Work to be completed
Exact copy, no pictures: take the lines of the listing below from the first through the one containing "天山可賽新1243中高強(q".

Provided data
┏━━
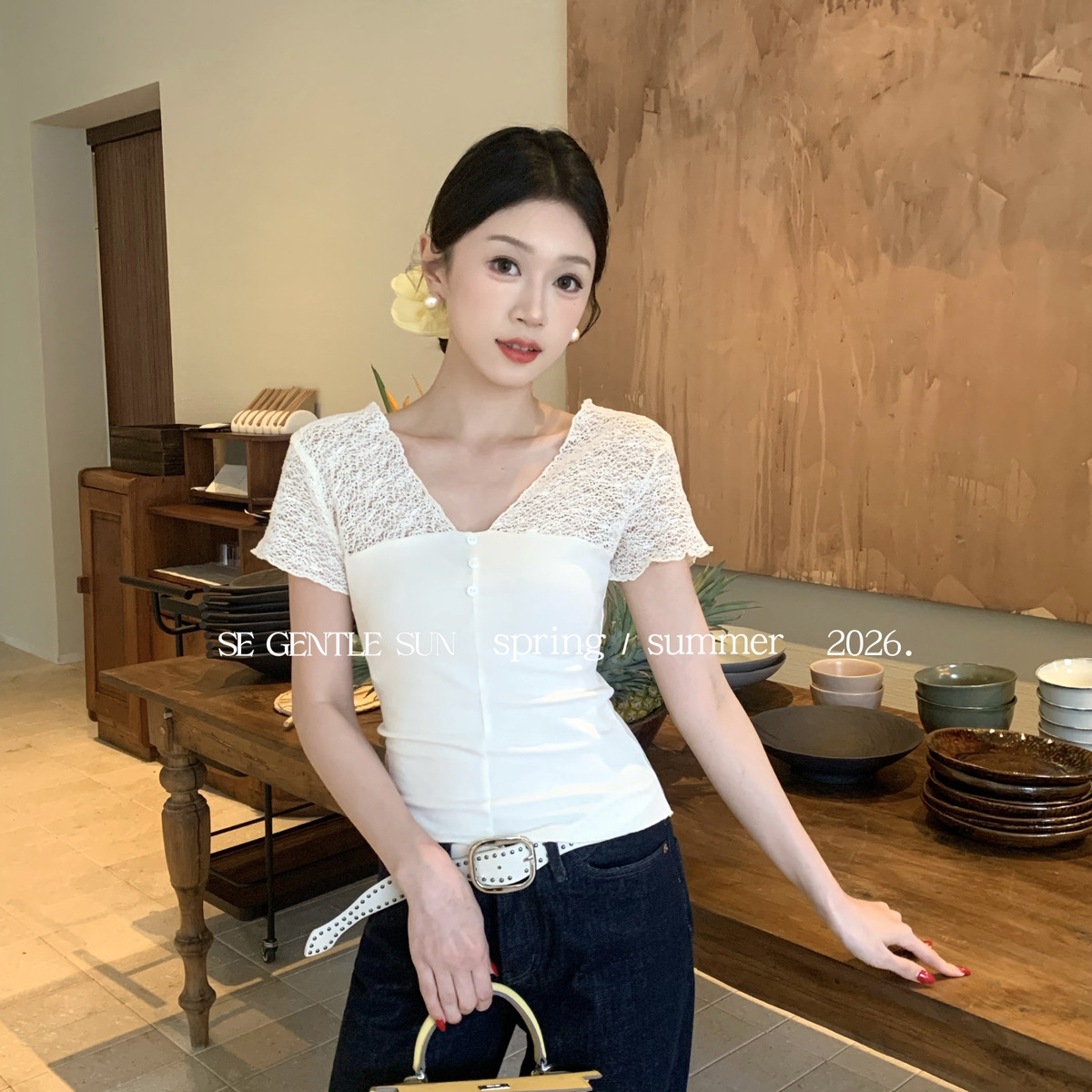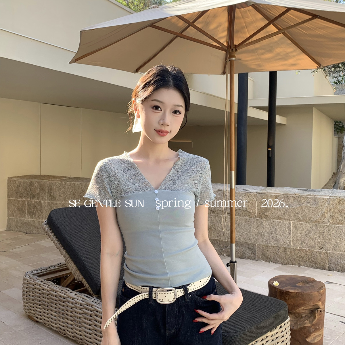 GENTLE 收腰短袖 SUN King韩系蕾丝拼接V领修身 T恤89676 标爆款
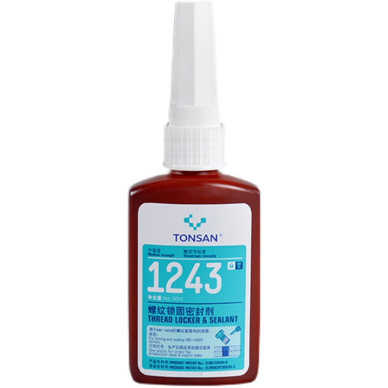 天山可賽新1243中高強(qiáng)度,觸變性粘度,可在輕油表面使用,用于M6~M20的螺紋緊固件的鎖固、密封,可用普通工具拆卸。
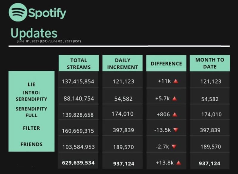 또한 스포티파이에서 방탄소년단의 모든 곡을 비롯해 참여한 전체 노래 중 가장 인기있는 곡 톱10 중 9위로 팀 전체 솔로곡에서 유일하게 차트인했다. 이는 방탄소년단의 모든 솔로곡 중에서 가장 높은 순위로, ‘Filter’가 수록된 정규 4집 ‘Map Of The Soul : 7’의 타이틀곡 ‘ON’보다도 높은 순위에 올라 그 뜨거운 인기를 입증하고 있다.
┗━━
Solution
 GENTLE 收腰短袖 SUN King韩系蕾丝拼接V领修身 T恤89676 标爆款
 天山可賽新1243中高強(qiáng)度,觸變性粘度,可在輕油表面使用,用于M6~M20的螺紋緊固件的鎖固、密封,可用普通工具拆卸。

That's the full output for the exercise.